For Chris Layne, October 28, 2016, started out like most late-summer Colorado days — sunny with blue skies. But this day was extra special because seventeen years before, she had brought her son into this world. However, the events to come would create a new, less joyful memory of October 28.
That day, her son decided to celebrate his birthday rock climbing with his cousin in Clear Creek Canyon. As a concerned mom and nurse, she asked her son if she could accompany them, and to her surprise, he was happy to have her join them. Chris was not a rock climber, so she decided to keep her two feet on the ground and go for a hike. Like a good mom, her only concern that day was for her son and nephew; little did she know, gravity had its own agenda that day.
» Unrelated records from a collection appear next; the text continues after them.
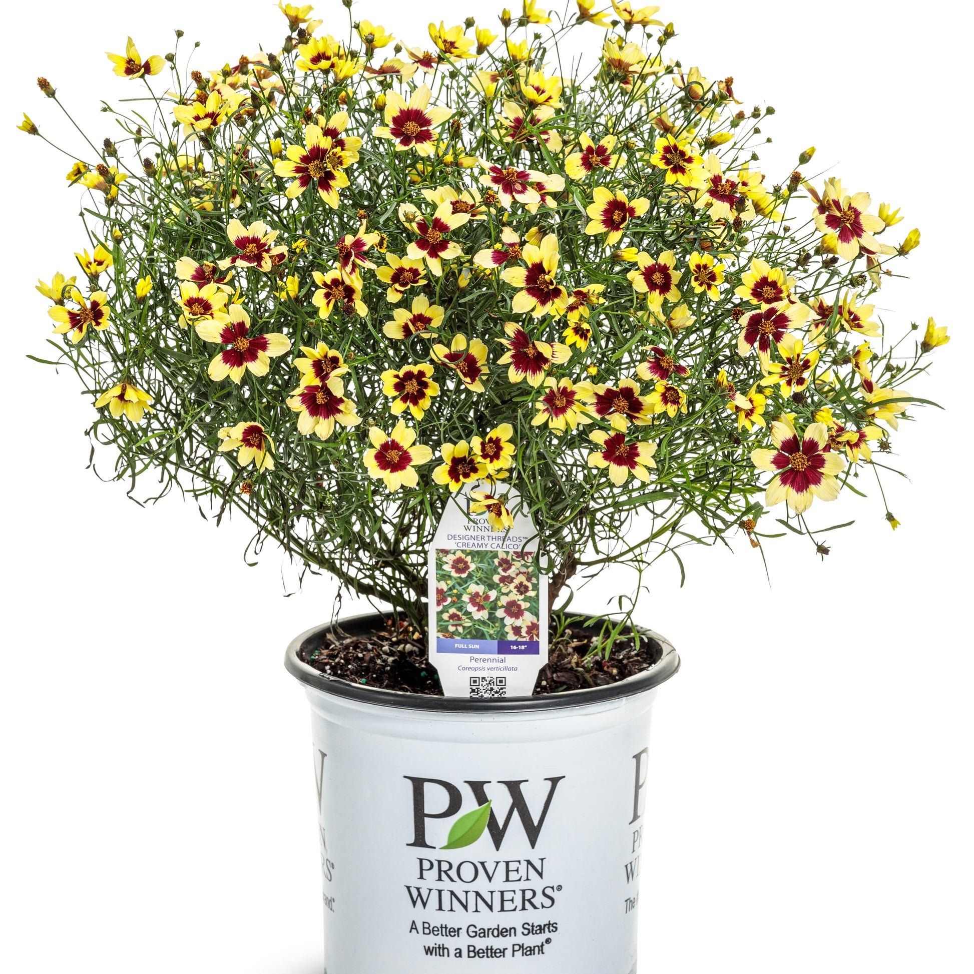 Say hello to the 'Creamy Calico' Coreopsis – the flower that’s as charming as it sounds! Picture this: soft, buttery yellow petals with a bold, deep maroon center that creates the perfect contrast. It’s like nature’s own little masterpiece! Whether you're a garden guru or a green-thumbed newbie, this plant is a dream come true. Easy to grow and incredibly rewarding, Creamy Calico brings you cheerful blooms all summer long. Plus, it’s a bouquet-making machine – one plant is all you need to keep your home full of fresh, long-lasting floral arrangements. Go ahead, treat your garden to a touch of sunshine and elegance!
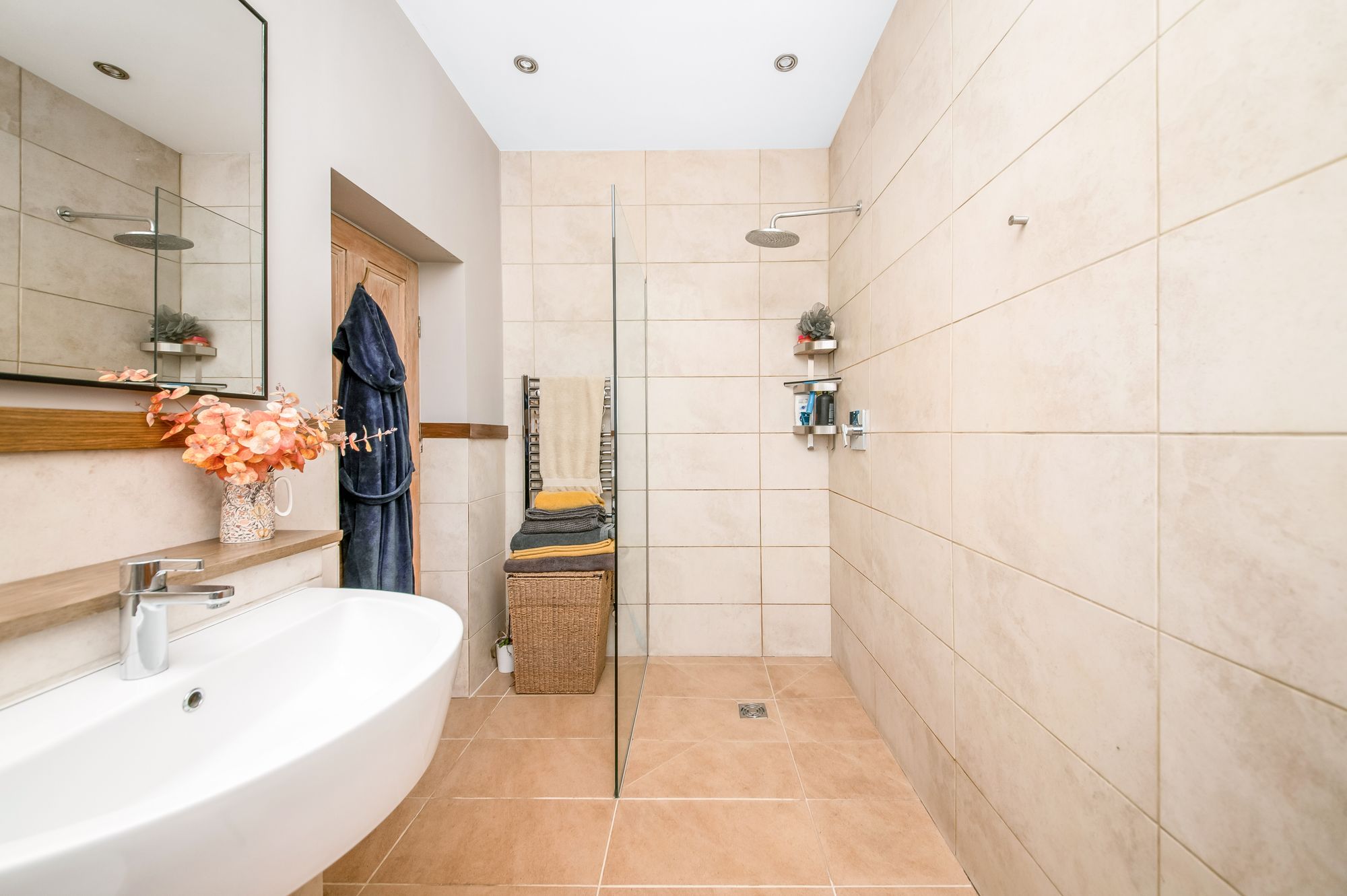 BEDROOM ONE EN-SUITEWith a window enjoying the views to the garden and beyond. There is a ceramic tiled floor, ceramic tiling to the full ceiling height where appropriate, inset spotlighting, fixed glazed screen wet room shower with high quality fittings, stylish wall mounted wash hand basin and concealed cistern W.C.
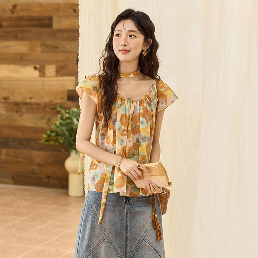 【トップス】夏 花柄 レトロ パフスリーブ タンクトップ シャツ【SHシリーズ】

No more than seven minutes into their adventure, gravity let itself be known, and it aimed its wrath towards mom; Chris slipped on some loose gravel and fell 80 feet. When she opened her eyes, her son was at her side comforting her. At first, she had no idea of the extent of her injuries, but when she looked at her shattered wrist, she knew she wasn’t unscathed. A few tense seconds later, her son confirmed that she had not been moving her legs, and the nurse inside her knew she was paralyzed. After a short helicopter ride, two and half weeks at Saint Anthony’s hospital, and several surgeries, she was released to Craig Hospital. Following two months of learning how to live as an incomplete paraplegic, Chris’s new life began.
Assembling Her Toolbox
Upon being released, Chris had no other option but to start modifying her house and car to help her adjust to her new normal. “We need our tools,” she says, referring to anything that allows someone with a disability to live more independently. Once the renovations were made to her house to accommodate her wheelchair, she had her car converted so she could drive with hand controls. When Chris began filling her toolbox with the critical tools she needed to live safely with her disability, her independence and confidence increased in conjunction.
Advocating for Access
Once her body healed and her confidence rebounded, Chris decided to return to her love of swimming. Unfortunately, she had one more obstacle to overcome — the chair lifts at her local pool were not working. She decided to take a gamble and ask them to install new chair lifts so she and others could use the pool. She didn’t even know if she would be able to swim or not, but she knew it was the right thing to do, not only for herself but for other people living with a disability too. What she had just done was something that many people that have lived their entire life with a disability have never done — advocate for themselves.
To her surprise, the facility installed two new chair lifts so she and others in similar situations could access the pool. Since they had added another tool to their toolbox by installing new chair lifts, it was her turn to take the plunge and either sink or swim. Wearing every flotation device she could find, Chris lowered herself into the pool, and despite her inability to use her legs, she floated. Now that the obstacles preventing her from her passion had been dispelled, Chris made it her goal to swim a little further each day. Before she knew it, she was swimming farther and longer than she had ever thought possible. The day Chris advocated for herself and others by asking the pool to install new chair lifts, and the day she conquered her own fear by lowering herself into the pool, she found her 2LIV4.
In 2020, Chris was crowned Ms. Wheelchair Colorado under the platform Time Heals: Physically, Emotional and Spiritually. She then went on to win the title of Ms. Wheelchair America runner-up. Currently, she serves as the Ms. Wheelchair Colorado state coordinator, where she continues to advocate for the disability community and bring awareness to an often overlooked population.
Finding Your 2LIV4!
Chris’s journey has not been easy, to say the least, but once she accepted her injury, began filling her toolbox, and decided not to let her paralysis keep her from doing the things she loved, her life started to move forward. Chris continues to encourage people with disabilities to get out and experience life — in other words, to find their 2LIV4!